18 de março de 2001

Coco mata

Jornal O Estado do Maranhão
Hoje, já não se sabe mais o que fazer para ter uma vida dita saudável. Durante anos, ouviu-se dizer que o uso da margarina, em substituição à manteiga, é que é o certo para evitar o mau colesterol e outros problemas. Um estudioso qualquer, que levou anos pesquisando, enquanto a gente enchia o pão e a frigideira de margarina, está dizendo que não faz diferença. Um dia pode, outro dia não pode. Um dia deve, outro não. Desse jeito acaba-se morrendo é de susto, no mais perfeito estado de saúde.
Houve um tempo em que correr, “fazer cooper”, era o máximo. Quem não fizesse ia, já, já, ter um ataque de coração, talvez um derrame cerebral, hoje apelidado de AVC, Acidente Vascular Cerebral. Ou uma doença ia atacar. Qualquer uma. Depois de muitas vértebras deslocadas, tendinites e outras mazelas, veio a novidade: andar é muito melhor do que correr. Nada de forçar a coluna, prejudicar o joelho, torcer o tornozelo etc.
Nessa época, um amigo meu ia à praia, diariamente, “fazer cooper”. Em uma bela manhã de sol, lá vem ele trotando pelas areias da praia de São Marcos. Belas jovens, daquelas que se vêem nas revistas masculinas, observam seu desempenho olímpico, cochichando e rindo. Ele interpretou o alvoroço como admiração por seus dotes atléticos. Vai ver, elas estavam dando bola pro coroa. Ele, peito pra fora, barriga pra dentro, queixo pra cima, acelera o passo. Aí...:
— Olha aí, vovô, cuidado com o coração! Vai devagar! Até hoje ele não se recuperou do trauma. Vovô... Nem de tio lhe chamaram! Ficou achando que essas recomendações para manter a forma são feitas por jovens atletas para humilhar senhores como ele. O pior é que, de tão obsessivo com o “cooper”, ele acabou ficando mais ansioso, em vez de menos, como esperava. — É batata. Tu vais relaxar depressinha — tinha garantido um vizinho entendido.
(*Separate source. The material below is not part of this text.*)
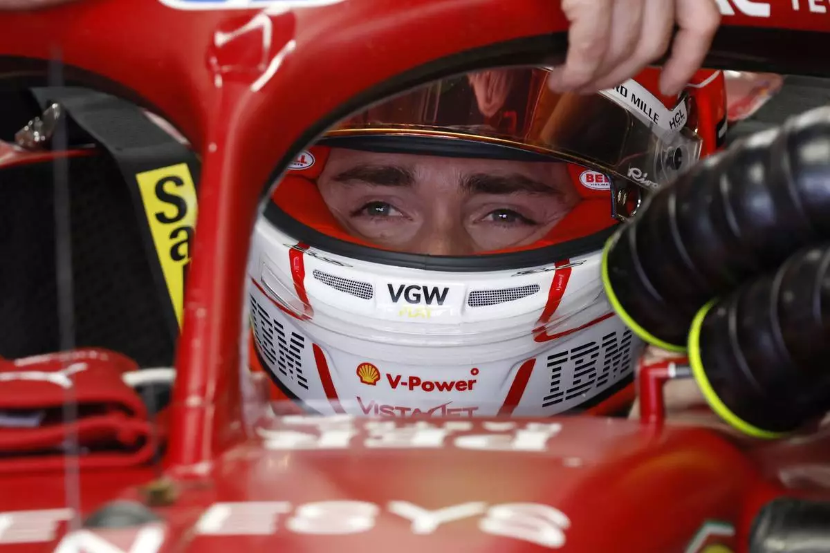 Ferrari driver Charles Leclerc of Monaco sits in his car during the second free practice ahead of the Spanish Grand Prix Formula One race at the Barcelona Catalunya racetrack in Montmelo, near Barcelona, Spain, Friday, May 30, 2025. (AP Photo/Joan Monfort)

Isso me faz lembrar o conselho que nos dão, de fazer check-ups anuais, depois de certa idade. O sujeito consulta especialistas, toma todas as precauções, faz os exames indicados, fica ansioso à espera do resultado. No fim, vem a notícia: — Está tudo ótimo... Para sua idade! Foi o caso de outro amigo.
O pobre coitado ficou sem saber se a notícia era boa ou ruim. Será que tudo estava bem, mas a idade não? Qual o mistério daquele “para sua idade”? Mas, se era a idade que estava mal, como podia o resto estar bem? Será que tudo estava mal? Isso teria conserto? Uma cirurgia resolveria tudo, ou o caso era perdido?
— Aposto como esse médico quer me enrolar Esse “está tudo ótimo” não me engana — pensou a vítima. — Vai ver que estou com alguma doença grave. Essas dores de cabeça que eu venho sentindo, esse cansaço... Aí tem. Talvez eu tenha que ir pra um lugar onde a medicina disponha de mais recursos.. Era por isso que eu não queria fazer esses exames. Culpada é minha mulher que me obrigou.
O sujeito acaba ficando doente de verdade. Da cabeça. Se não era, passa a ser um estressado, um ansioso. A paranóia ataca: — Esses caras vão acabar me matando. Uma porção de exames pra continuar nessa dúvida! Assim vou acabar tendo um ataque de coração.
E as dietas pra emagrecimento? É a da lua, a do sol, as protéicas, as hiperprotéicas. Tem com massa, sem massa, com carne, sem carne, com fruta, sem fruta, com reza, sem reza. Interessante é que, mesmo nos casos em que a dieta é séria, a culpa pelo fracasso nunca é de quem faz. Os culpados são o Carnaval (a Semana Santa não), o São João, as festas de fim de ano, o aniversário da sogra, do irmão, da mulher, do marido, do filho, do pai, da mãe, do afilhado, do chefe no serviço. Já ouvi gente dizer que a culpa era da televisão que fica passando aquelas propagandas de comida a toda hora. Nos Estados Unidos, descobriram que lamber selo engorda.
O certo é que, pelo andar dessa carruagem, chegará o dia de se ouvir dizer que comer é perigoso, andar faz crescer a barriga, botar a cara na rua faz mal. Aí então, se alguém madrugar no quintal e um coco lhe cair na cabeça, a manchete do dia seguinte vai garantir: “Está provado. Coco de manhã cedo mata”.